Carol didn't hesitate. "No, I think the narcissistic ego-maniac gave you many reasons, but it was the infidelity that caused you to snap. You're not the first female that mama's boy has screwed over, Selene. However, you are the first one with enough backbone to avenge yourself."
"If you truly believe that, then why am I being punished?"
Carol sighed heavily before answering. "Because Ethan proved to everyone that he has to grow back his man stick, and you boldly claimed credit for shrinking it. Your creative brilliance deserves applause, but I cannot openly endorse your magical assault.
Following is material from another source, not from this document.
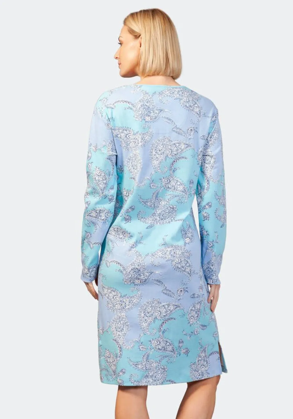 Hempeän värinen ja miellyttävä puuvillainen mekkoyöpaita klassisella paisleyprintillä pitkillä hihoilla.Lisää t…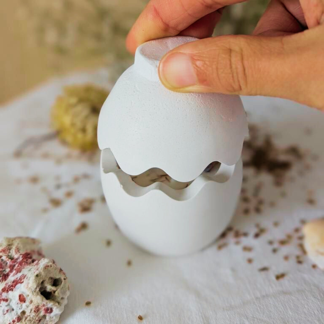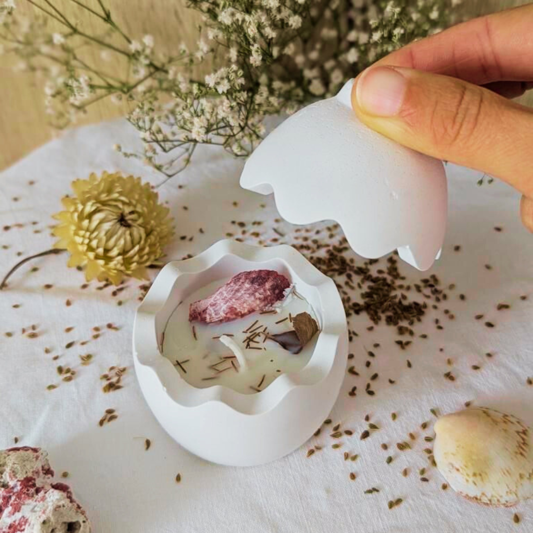- La bougie “éclosion” : Une bougie en forme d’œuf qui a éclot. Un puissant symbole de Vie, de naissance, d’infini, de cycle biologique…

The fact that I believe you is why you're stuck here at the inn for thirty days instead of being sent to the magical pokey for three or four years. Also, I know Ethan bonked Harmony because she told me it was true. Extenuating circumstances prevented her from backing up your story at the trial. It was a hot mess to sort out."
The Jezibaba had walked a political line because the Council of Witches controlled what she did. But those days were long gone. The Baba Yaga answered only to Morgana, and it wasn't like Carol to not make sure the entire truth, no matter how shameful or embarrassing, got told. The woman didn't mind being brutally honest or forcing others to be.
I couldn't imagine what circumstances Carol had been willing to accept from the tramp as a legitimate excuse for not telling the truth. "But you didn't say anything in my favor at the trial. All I was told was that the tramp refused to testify. How do you even know her?"
Carol glared at me, and I glared back. She threw up a hand before glaring harder and lecturing louder. "Without Harmony's testimony, the only evidence was Ethan's shrunken man stick. If we had argued your sentence more than we did, Lady Meagan would have demanded you be put in real prison. My warlocks tell me she's after Harmony too, even though Lady Meagan swore that her honorable son would never do such a thing ."
I grunted in disgust. "Lady Meagan would be shocked at what her deceitful son would do. I can't believe I ever slept with him."
Carol sighed. "Most men will take sex from whoever they can whenever it's offered. And when they're not willing, they can be spelled into doing it. I know that personally. Ethan is a horny toad by nature and uses sex to control women, but I'm sure you knew that when you started up with him. Yet because of his lies, I'm having to put you here and put your alleged pixie in the last place she will ever be found."
"She's not my alleged anything, Carol. I saw her under him . Where did you hide the tramp? I deserve to know."
Instead of yelling at me, Carol laughed at my demands. "She's not what you think she is, Selene. And it's funny you think I'd be stupid enough to tell you. If I did, as soon as you're free, you'll go take revenge on her as well. I can't let you do that because Ethan lied to her about you, just like he lied in court. That lying bastard is the one who deserves to be punished. I just haven't found the way to do it yet."
I waved a hand. "Fine. Think whatever you want. I don't care what Ethan does with anyone anymore. The tramp saying yes to Ethan probably did me a favor. It would have been worse if I'd married him before this happened. No witch should be imprisoned for murder just because her husband is a loathsome prick."
Carol laughed at my outburst. "See? This place has been good for you already, and you haven't even started fixing it up yet. Being here will be better for you than any amount of therapy."
I made a face behind the Baba Yaga's back and mocked her laughter as I navigated the broken steps to enter the inn from demon hell.